– Ты его любишь?
Истомина подозрительно долго молчит, не говоря ни «да», ни «нет», я же дурею от затянувшейся паузы, ощущая себя эдакой марионеткой, подвешенной за нитки и управляемой чужой рукой. Наконец, Лизавета отрывает взгляд от тарелки и все-таки озвучивает свое негромкое «нет».
– Тогда почему? – выпаливаю я слишком поспешно и с облегчением выдыхаю: с таким диагнозом однозначно можно бороться.
– Почему с ним и даже согласилась выйти замуж? – Истомина-то и в свои двадцать была далеко не глупой девчонкой, а сейчас и вовсе понимает меня с полуслова. Она отрезает тонкий ломтик от отбивной, обмакивает его в гранатовый соус и отправляет в красивый рот, округлившийся в букву «о», чем на несколько мгновений дезориентирует меня. Усмехнувшись каким-то своим догадкам, она лишь качает головой и не дрогнувшим голосом объясняет: – потому что с ним спокойно, Саш. И надежно. Я знаю, что через год у нас будет свадьба и путешествие на Мальдивы, через пару лет – дом в Подмосковье и ребенок.
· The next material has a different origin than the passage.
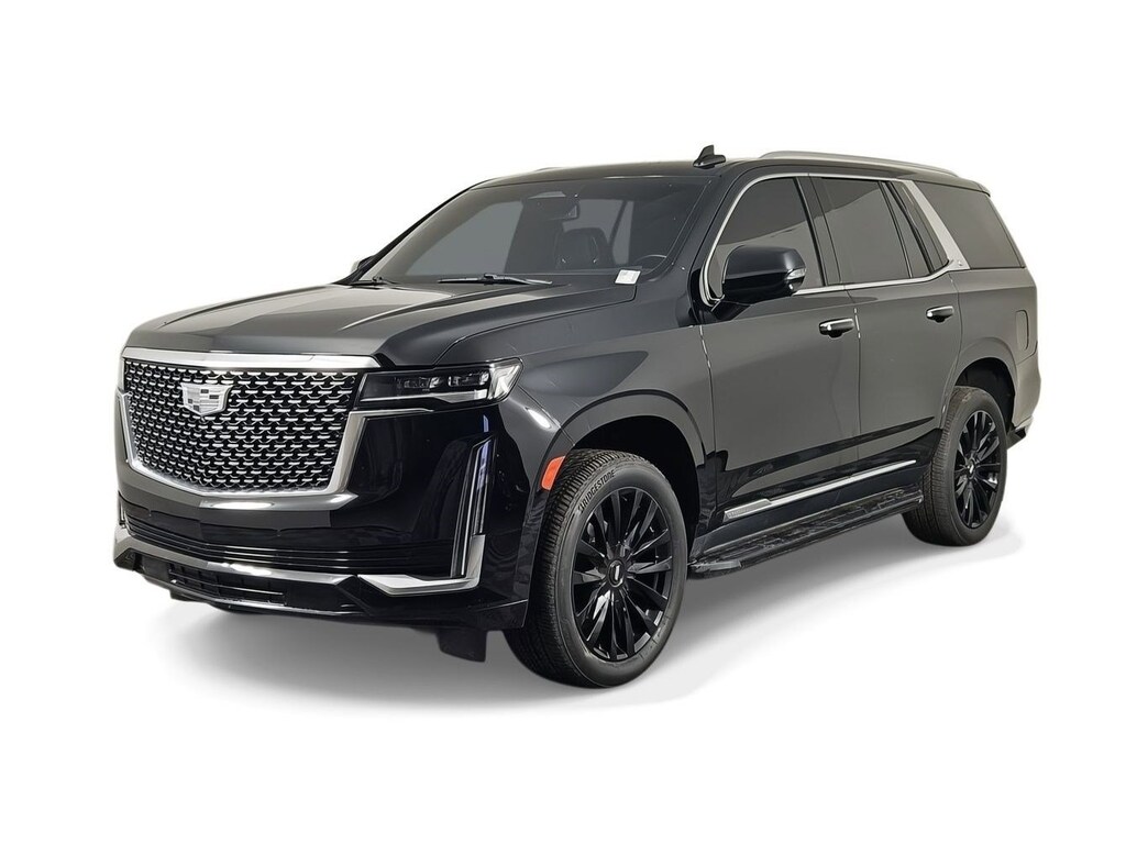 4WD, 16.9 Diagonal OLED Infotainment Screen, 19 Speakers, 2-Presets Memory For Driver Seat Adjuster, 3.23 Axle Ratio, 3rd row seats: split-bench, 4-Way Power Driver Lumbar Seat Adjuster, 4-Way Power Front Passenger Lumbar Seat Adjuster, 4-Wheel Disc Brakes, 8-Way Power Driver Seat Adjuster, 8-Way Power Front Passenger Seat Adjuster, ABS brakes, Air Conditioning, AKG Studio 19-Speaker Audio System, Alloy wheels, AM/FM radio: SiriusXM with 360L, Apple CarPlay/Android Auto, Audio memory, Auto High-beam Headlights, Auto tilt-away steering wheel, Auto-dimming door mirrors, Auto-dimming Rear-View mirror, Automatic temperature control, Brake assist, Bumpers: body-color, Compass, Delay-off headlights, Driver door bin, Driver vanity mirror, Dual front impact airbags, Dual front side impact airbags, Electronic Stability Control, Emergency communication system: OnStar and Cadillac connected services capable, Four wheel independent suspension, Front anti-roll bar, Front Bucket Seats, Front Center Armrest w/Storage, Front dual zone A/C, Front reading lights, Fully automatic headlights, Garage door transmitter, HD Radio, Heated door mirrors, Heated Driver & Front Passenger Seats, Heated front seats, Heated rear seats, Heated steering wheel, Illuminated entry, Leather steering wheel, Leatherette Seats, Low tire pressure warning, Memory seat, Navigation System, Occupant sensing airbag, Outside temperature display, Overhead airbag, Overhead console, Panic alarm, Passenger door bin, Passenger vanity mirror, Power door mirrors, Power driver seat, Power Liftgate, Power passenger seat, Power steering, Power windows, Premium Smooth Ride Suspension, Radio data system, Radio: AM/FM/SiriusXM w/Navigation, Rain sensing wipers, Rear air conditioning, Rear anti-roll bar, Rear reading lights, Rear window defroster, Rear window wiper, Remote keyless entry, Roof rack: rails only, SiriusXM w/360L, Speed control, Split folding rear seat, Spoiler, Steering wheel memory, Steering wheel mounted audio controls, Tachometer, Teen Driver, Telescoping steering wheel, Tilt steering wheel, Traction control, Trip computer, Turn signal indicator mirrors, Variably intermittent wipers, Voltmeter, Wheels: 22 14-Spoke Alloy w/Bright Silver Finish, Wireless Apple CarPlay/Wireless Android Auto, 4WD. Black 2021 Cadillac Escalade Luxury 4WD 10-Speed Automatic with Overdrive 6.2L V8

– А у нас? – Лизины фразы хлестким джебом (удар в боксе, который наносится из выпрямленной стойки разгибанием локтя вытянутой вперед левой руки – прим. автора) врезаются в челюсть. Отчего-то становится больно, что в ее распланированном будущем может не быть места для меня.
– А что у нас, Саш? – Истомина вскидывает подбородок и отчеканивает, до побелевших костяшек сжимая вилку: – Я уехала из Краснодара с выжженной пустыней в груди, а ты семь лет не пытался меня вернуть. Что изменилось-то?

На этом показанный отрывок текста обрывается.